Try it: Of the lines below, write out exactly those from the line with "Слайд 13Воинская повесть" through the line with "今年は、5月に紺地の「昼咲月", both included, and skip the rest.

Information:
··········

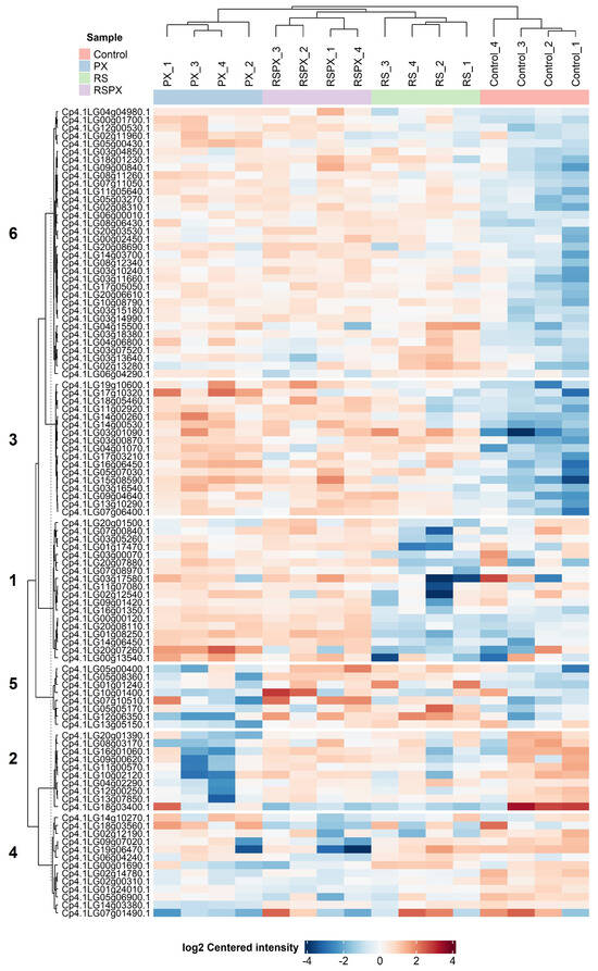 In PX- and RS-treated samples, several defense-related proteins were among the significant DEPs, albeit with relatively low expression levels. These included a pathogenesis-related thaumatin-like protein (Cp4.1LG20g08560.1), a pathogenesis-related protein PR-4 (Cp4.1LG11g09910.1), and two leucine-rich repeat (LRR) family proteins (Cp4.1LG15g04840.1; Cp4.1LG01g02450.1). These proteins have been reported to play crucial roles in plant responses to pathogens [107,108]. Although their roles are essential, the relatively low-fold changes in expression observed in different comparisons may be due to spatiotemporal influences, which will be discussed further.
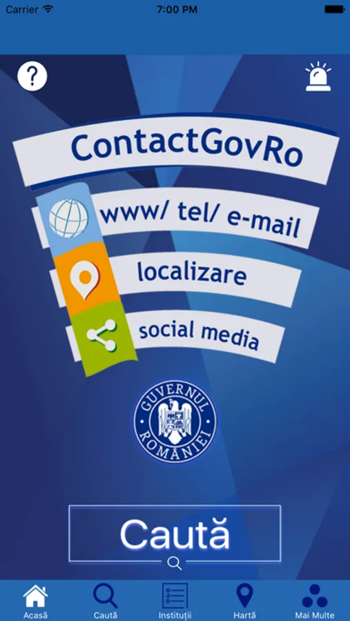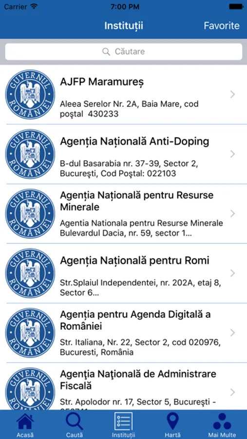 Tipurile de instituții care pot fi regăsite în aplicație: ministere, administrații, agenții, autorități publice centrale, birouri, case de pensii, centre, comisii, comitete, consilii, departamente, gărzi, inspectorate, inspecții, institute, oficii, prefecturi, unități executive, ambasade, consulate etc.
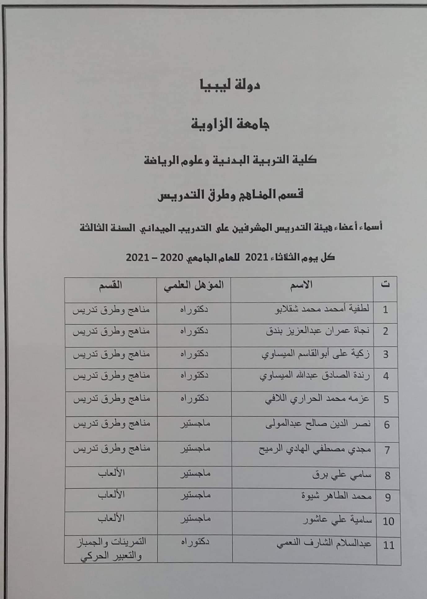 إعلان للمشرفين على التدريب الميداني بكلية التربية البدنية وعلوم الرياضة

··········

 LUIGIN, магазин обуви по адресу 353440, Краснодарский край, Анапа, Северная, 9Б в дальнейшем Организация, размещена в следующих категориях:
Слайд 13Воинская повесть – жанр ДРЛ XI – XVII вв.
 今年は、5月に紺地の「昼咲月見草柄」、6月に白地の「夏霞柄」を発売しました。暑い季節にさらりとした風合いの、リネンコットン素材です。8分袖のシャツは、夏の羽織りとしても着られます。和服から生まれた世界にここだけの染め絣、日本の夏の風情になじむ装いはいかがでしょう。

··········

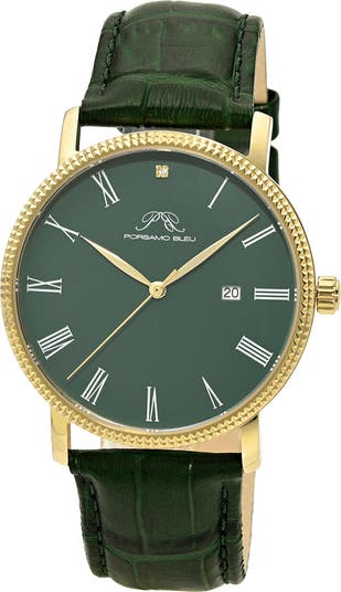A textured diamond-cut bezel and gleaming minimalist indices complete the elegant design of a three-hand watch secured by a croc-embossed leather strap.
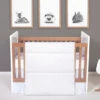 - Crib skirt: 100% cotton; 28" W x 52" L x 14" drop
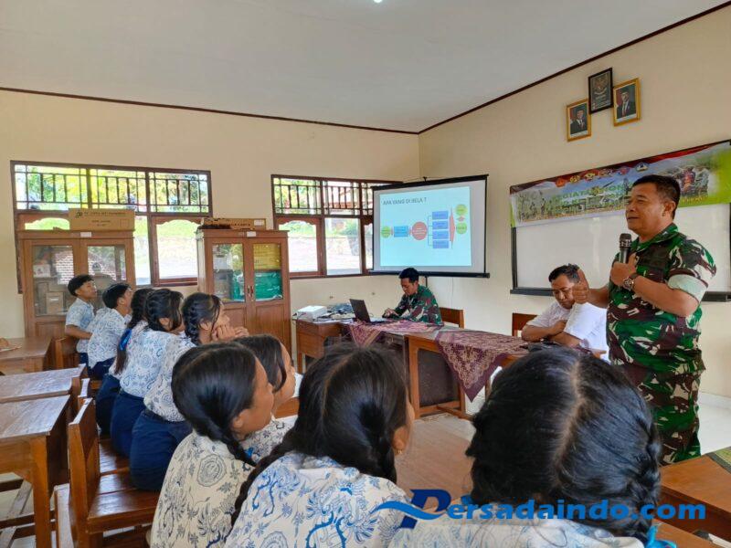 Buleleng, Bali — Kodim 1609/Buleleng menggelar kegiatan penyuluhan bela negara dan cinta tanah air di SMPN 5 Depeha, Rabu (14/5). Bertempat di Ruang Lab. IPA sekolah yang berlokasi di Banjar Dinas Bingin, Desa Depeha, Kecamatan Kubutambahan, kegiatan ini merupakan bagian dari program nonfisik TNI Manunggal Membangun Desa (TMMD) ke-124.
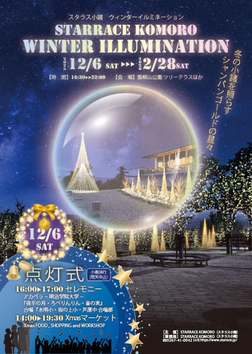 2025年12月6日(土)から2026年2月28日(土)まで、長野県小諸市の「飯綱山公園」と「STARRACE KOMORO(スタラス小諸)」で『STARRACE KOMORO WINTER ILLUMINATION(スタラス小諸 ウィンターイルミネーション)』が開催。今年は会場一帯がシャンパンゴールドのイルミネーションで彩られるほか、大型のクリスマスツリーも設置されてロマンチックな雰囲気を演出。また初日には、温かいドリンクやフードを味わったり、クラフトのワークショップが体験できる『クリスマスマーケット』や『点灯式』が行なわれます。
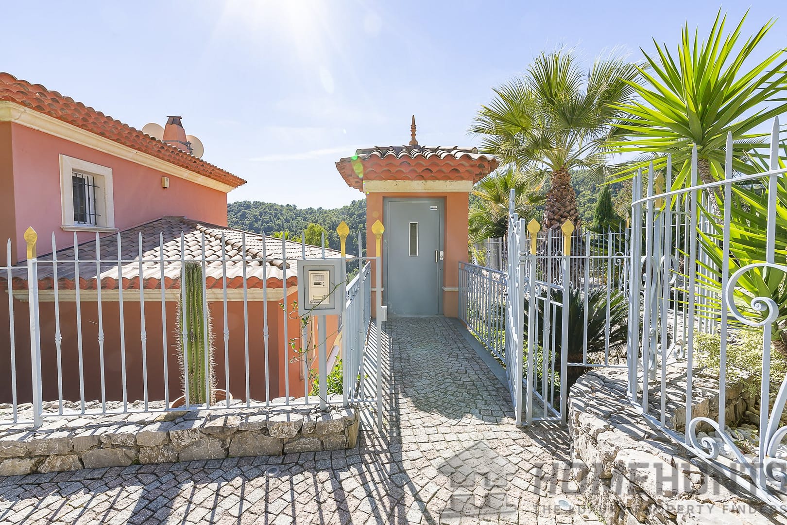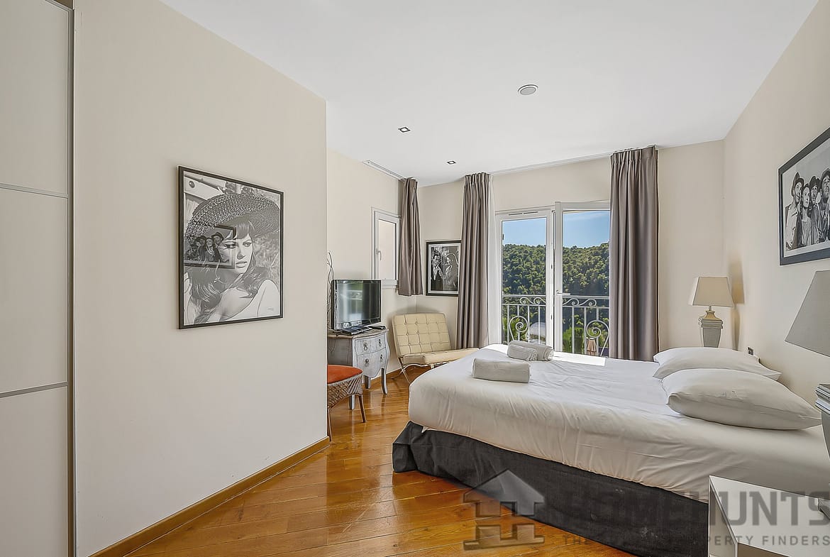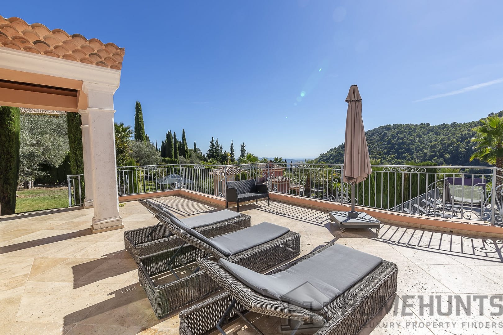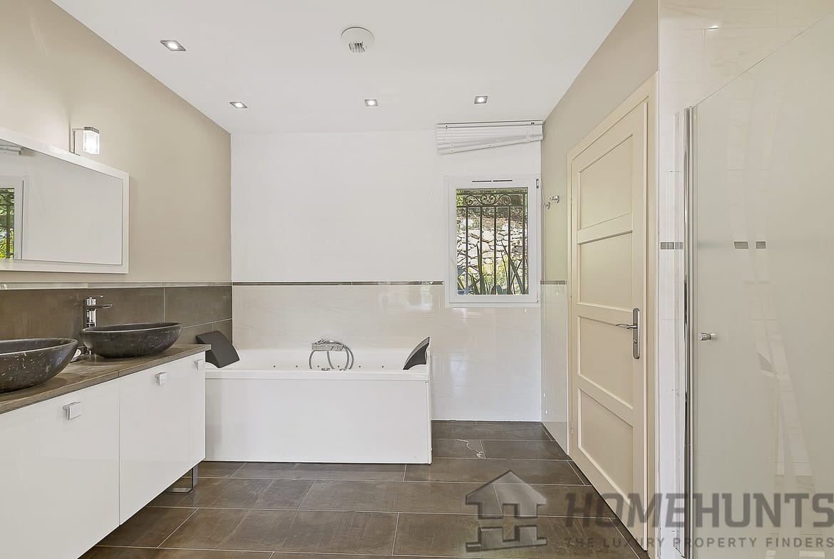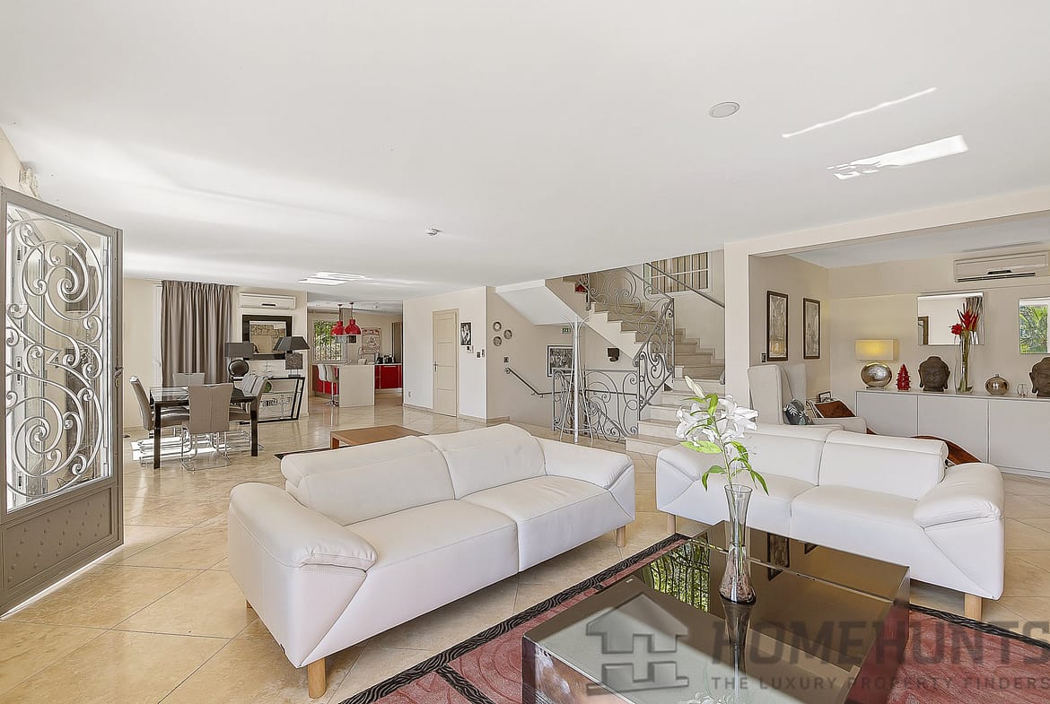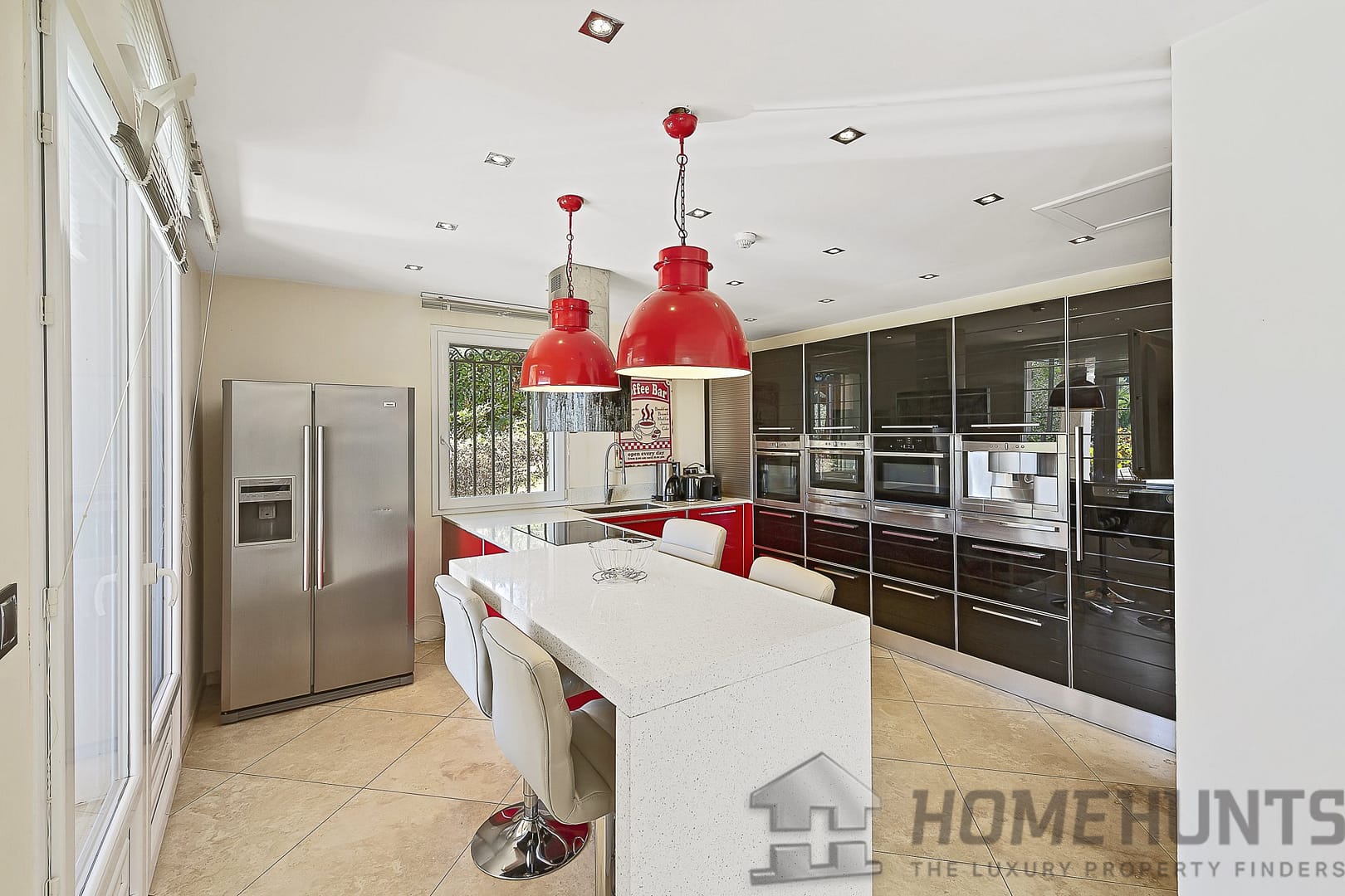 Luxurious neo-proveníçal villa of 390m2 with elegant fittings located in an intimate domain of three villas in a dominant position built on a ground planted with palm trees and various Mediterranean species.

··········

Written solution:
Слайд 13Воинская повесть – жанр ДРЛ XI – XVII вв.
 今年は、5月に紺地の「昼咲月見草柄」、6月に白地の「夏霞柄」を発売しました。暑い季節にさらりとした風合いの、リネンコットン素材です。8分袖のシャツは、夏の羽織りとしても着られます。和服から生まれた世界にここだけの染め絣、日本の夏の風情になじむ装いはいかがでしょう。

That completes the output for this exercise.